السلام عليكم ورحمة الله وبركاته
Dewasa ini isu-isu tentang kesehatan mental semakin marak menjadi buah bibir dan kajian-kajian akademik. Tak heran banyak bertebaran alternatif-alternatif tentang seni mengelola jiwa guna menjadi insan yang sehat secara jasmani dan rohani/mental. Di antara yang santer menjadi perbincangan adalah stoikisme, atau biasa disebut filosofi teras. Terlebih pasca best seller nya buku dengan judul yang sama karya Henry Manapiring menjadikan generasi saat ini mulai berpikir ulang tentang makna hidup. Ajaran para stoa memang menitikberatkan pada kontrol diri sebagai ruang lingkup yang memang bisa kita kuasai. Jauh, sebelum gagasan tersebut muncul orang-orang Jawa khususnya sudah memiliki wejangan para leluhur tentang sikap, “narimo ing pandum”, dan “semelah semeleh”. Belum lagi filsuf bermadzhab Nihilisme, Nietzsche, yang mengkampanyekan buku Amor Fatinya tentang seni menerima takdir. Sehingga kita menarik akar historisnya memang sejatinya manusia itu terus bergulat dan perlu berdamai dengan diri sendiri.
Kaweruh Begja
Tentu, persaan bahagia merupakan tujuan utama kita ini hidup. Pernah kita mendengar berita seorang pejabat yang sudah kaya raya mengapa masih korupsi? Seorang Jendral bertaburan bintang di pundak, mengapa masih berambisi politik? Mengapa ada seorang suami yang gonta-ganti istri dan poligami, padahal dia sudah memiliki istri nan cantik lagi menawan? Dan banyak lagi paradoks kehidupan yang mengindikasikan, bahwa banyak pun atau apa-apa tersedia belum tentu menjanjikan kebahagian.

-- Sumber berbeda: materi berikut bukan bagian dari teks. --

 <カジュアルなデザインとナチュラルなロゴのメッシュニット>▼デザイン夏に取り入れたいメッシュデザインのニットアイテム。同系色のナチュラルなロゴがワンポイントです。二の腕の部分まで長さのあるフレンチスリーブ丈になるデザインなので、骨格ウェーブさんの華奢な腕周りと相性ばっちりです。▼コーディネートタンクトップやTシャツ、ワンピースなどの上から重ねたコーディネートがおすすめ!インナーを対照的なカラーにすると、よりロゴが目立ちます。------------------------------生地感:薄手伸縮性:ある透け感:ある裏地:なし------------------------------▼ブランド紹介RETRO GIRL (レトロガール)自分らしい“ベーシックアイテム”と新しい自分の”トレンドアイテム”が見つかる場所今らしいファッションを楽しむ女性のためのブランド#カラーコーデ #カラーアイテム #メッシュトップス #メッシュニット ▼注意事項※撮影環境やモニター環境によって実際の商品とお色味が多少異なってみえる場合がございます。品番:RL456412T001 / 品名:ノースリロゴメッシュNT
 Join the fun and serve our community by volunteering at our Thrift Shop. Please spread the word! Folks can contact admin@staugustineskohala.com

Pada tulisan ini, ada suatu pemikiran filsuf Indonesia yang menarik perhatian saya, yakni kaaweruh begja, atau bila di artikan ke Bahasa Indonesia menjadi Ilmu Bahagia. Dari judulnya terdengar klise, namun bila kita tilik lebih jauh tentang profil pengarang ilmu ini kita akan memahami apa yang menjadi maksud sang Filsuf ini. Ya, beliau adalah Ki Ageng Suryomentaram. Terlahir sebagai putra bangsawan dan pangeran lantas tidak semerta-merta membuat beliau bahagia, Kisah beliau ini mungkin mirip seperti kisah Sidharta Gautama, sang Budha. Pangeran dengan nama bangsawan Bendoro Raden Mas (BRM) Kudiarmadji dan setelah umur 18 tahun diberi nama kebangsawanan Bendoro Pangeran Haryo (BPH) Suryomentaram, mengalami pergolakan batin tatkala dia melihat susah dan menderitanya orang-orang yang hidup sebagai petani, buruh, dan pekerja kasar. Hal tersebut menggugah dirinya untuk meninggalkan istana dan memilih jalan hidup menjadi rakyat biasa.

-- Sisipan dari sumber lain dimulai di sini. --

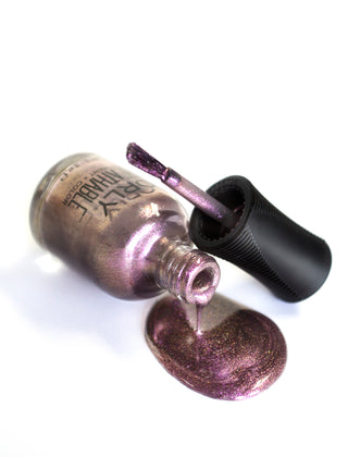 I usually prefer blues to purples, but I love this nail Polish! Very unique nix of purple pink and gold. It looks good with almost any color clothing.
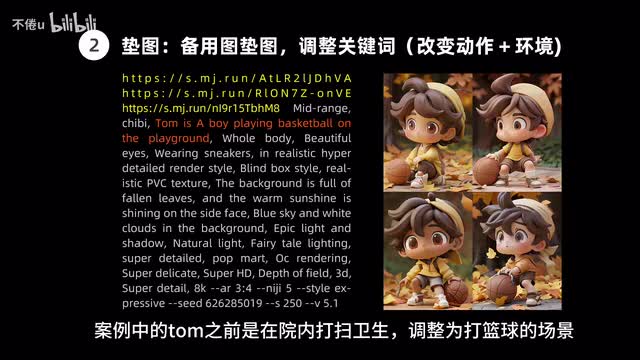 下一步为备用图垫图前面提到的技巧,灵活运用某种关键词可以改变动作和环境。案例中的他们之前是在院内打扫卫生,调整为打篮球的场景。其中最难的部分就是参数微调。不同角色风格对技巧运用各异,一次出图可能性很低。理想结果需多次迭代,花费时间抠细节。
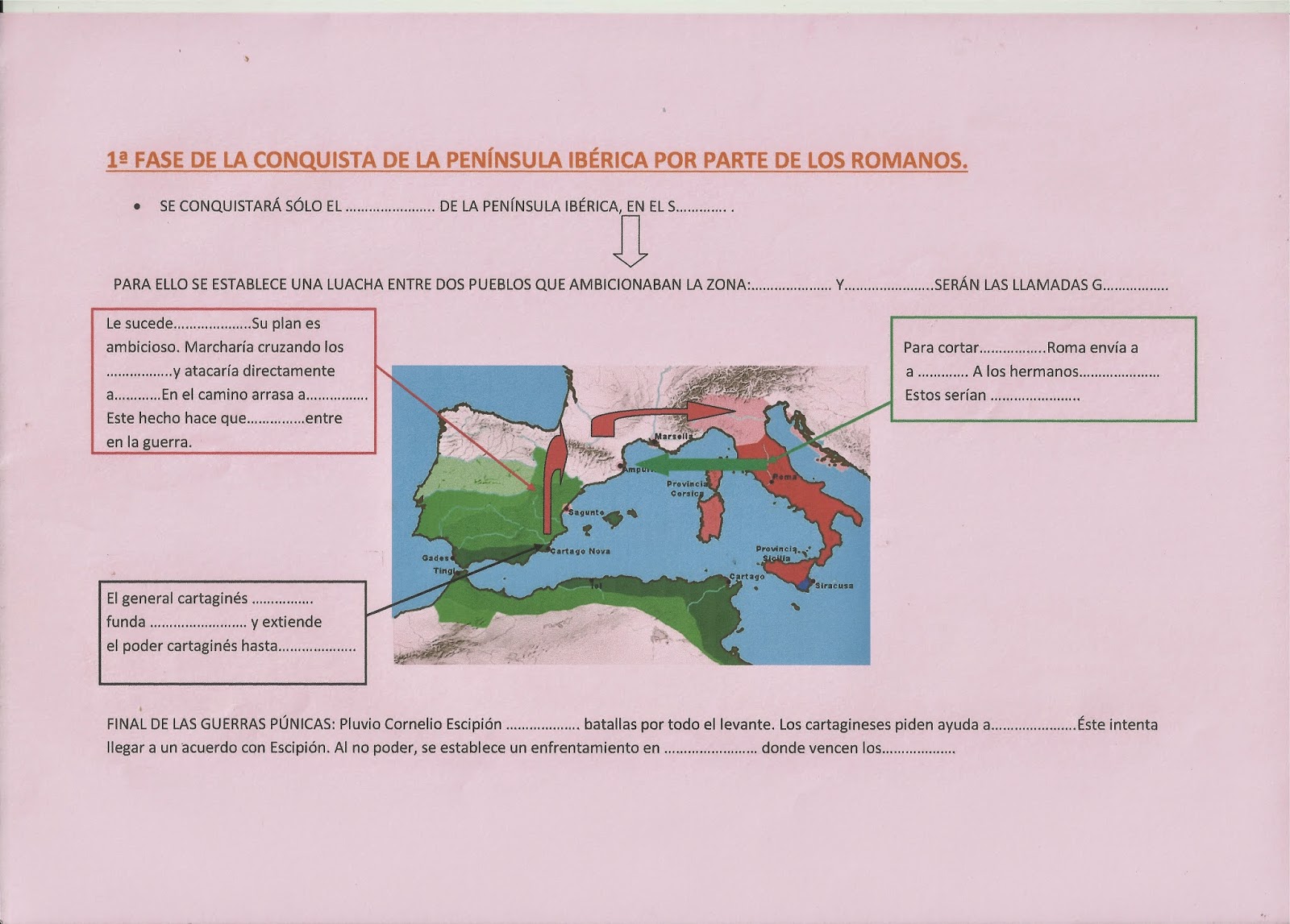 Rellena los huecos , explicando las fases de esa conquista:
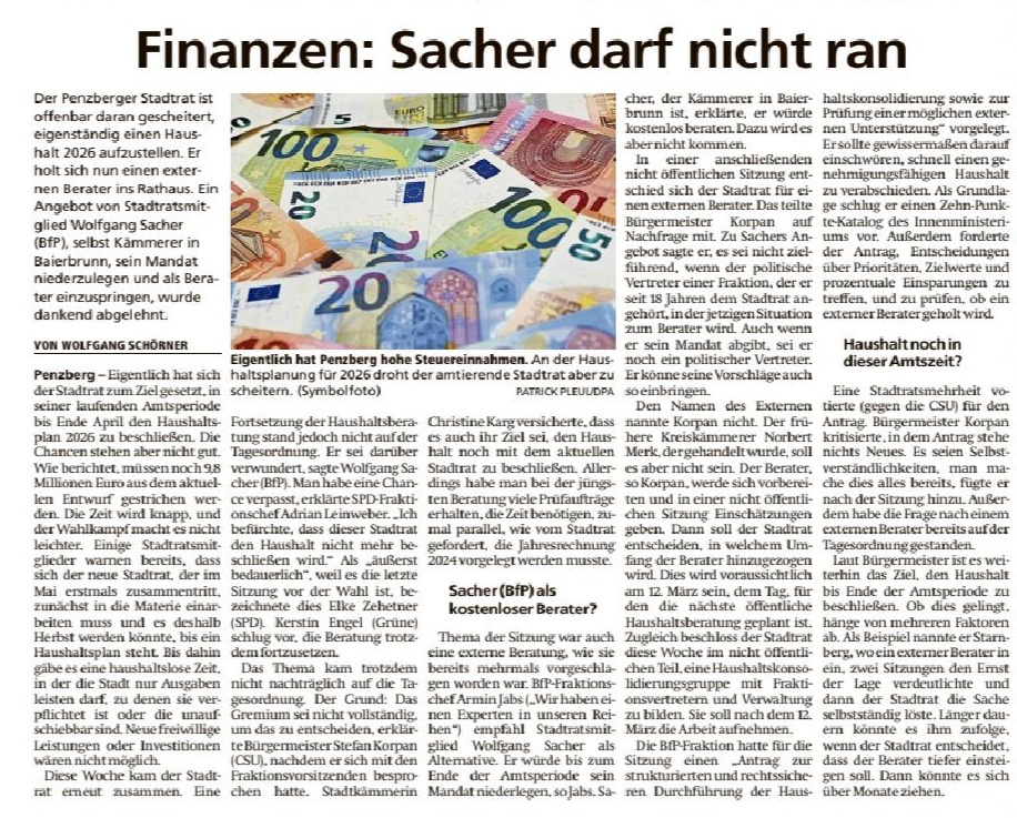 Wir haben bereits im Mai 2024 sowie im März 2025 dem Ersten Bürgermeister eine strukturierte Vorgehensweise zur Haushaltskonsolidierung übermittelt. Unser Ziel war und ist es, die berufliche Erfahrung von Wolfgang Sacher als Kämmerer und über 10 Jahre als Vorsitzender des Rechnungsprüfungsausschusses einzubringen – ausschließlich im Interesse einer tragfähigen und nachhaltigen Lösung für Penzberg.
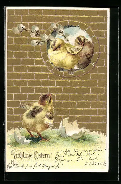 AK Osterküken mit Palmkätzchenzweigen

Berbeda, dengan para filsuf stoa yang mengambil filsafatnya dari merenung dan berdialektika, Ki Ageng Suryomentaram ini mengambil intisari filosofinya dari pengalaman empiris yang dia rasakan mulai dari menjadi pangeran dan memilih jalan hidup sebagai rakyat biasa. Perjalanan hidupnya lah yang mengantarkan ramuan ilmu bahagia ala Ki Ageng Suryomentaram ini. Tak heran, saking populernya pandangan filsuf beliau kala itu, hingga terdengar oleh Istana Kepresidenan, sehingga Bung Karno sampai mengundang ke istana untuk mendengar lanngsung ilmu begja beliau.

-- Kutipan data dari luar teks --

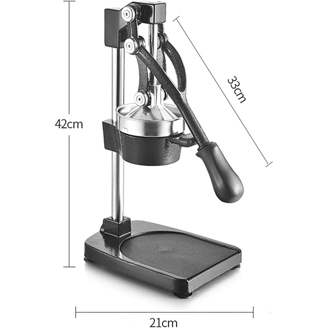 Со својата цврста конструкција од леано железо и цедалка од нерѓосувачки челик, тој нуди долг век на траење и максимална ефикасност – совршен за домашна и професионална употреба.
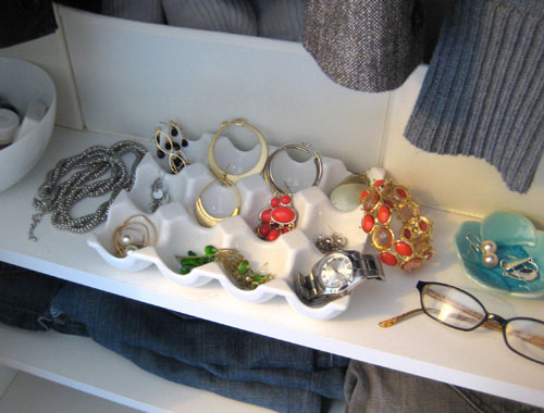 Začněte reorganizací toaletního stolku nebo komody a uvolněte první zásuvku. Pořiďte si přihrádkové kazety na šperky, které jsou k dostání v obchodech. Dbejte na dostatečný počet přihrádek, rozměry a vnitřní materiál. Robustnějším šperkům můžete vyhradit keramické nebo dřevěné misky a mělké mušle.
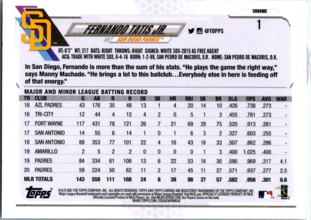 This is a nice example of a 2021 Topps Chrome #1 Fernando Tatis Jr.
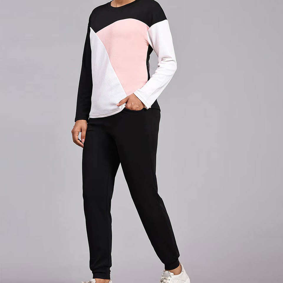 Funky Kitted logotipo bordado personalizado manga larga poliéster alta calidad señoras chándales sudaderas con capucha conjunto deportivo de dos piezas
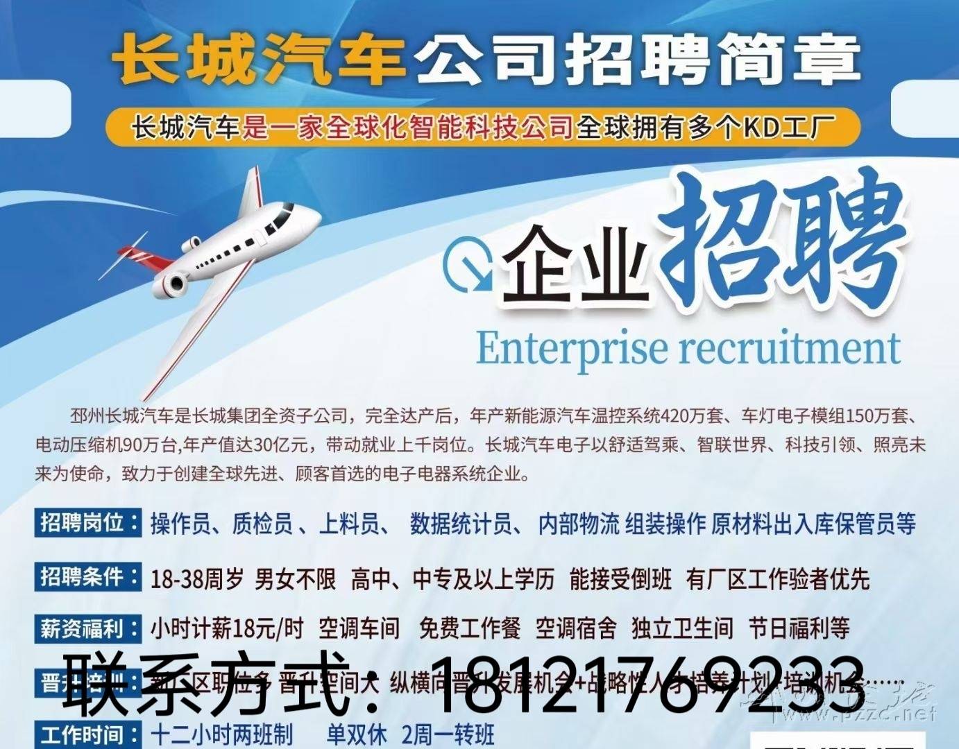 长城汽车招聘(普工 质检 仓储)男女不限 上六休一
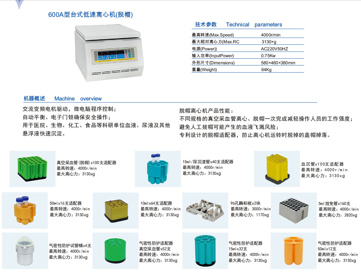 600A型台式低速离心机(自动脱帽)

Dari apa yang penulis simpulkan, Ilmu begja ini merupakan sintesiss antara stoikisme dan amor fati itu sendiri. Dengan kata lain, jika amor fati merupakan seni menerima takdir dan stoikisme adalah seni menerima/berdamai dengan diri sendiri maka pada kaweruh begja kita dapat berdamai dengan itu semua dengan bisa menerima takdir dan berdamai dengan diri kita sendiri.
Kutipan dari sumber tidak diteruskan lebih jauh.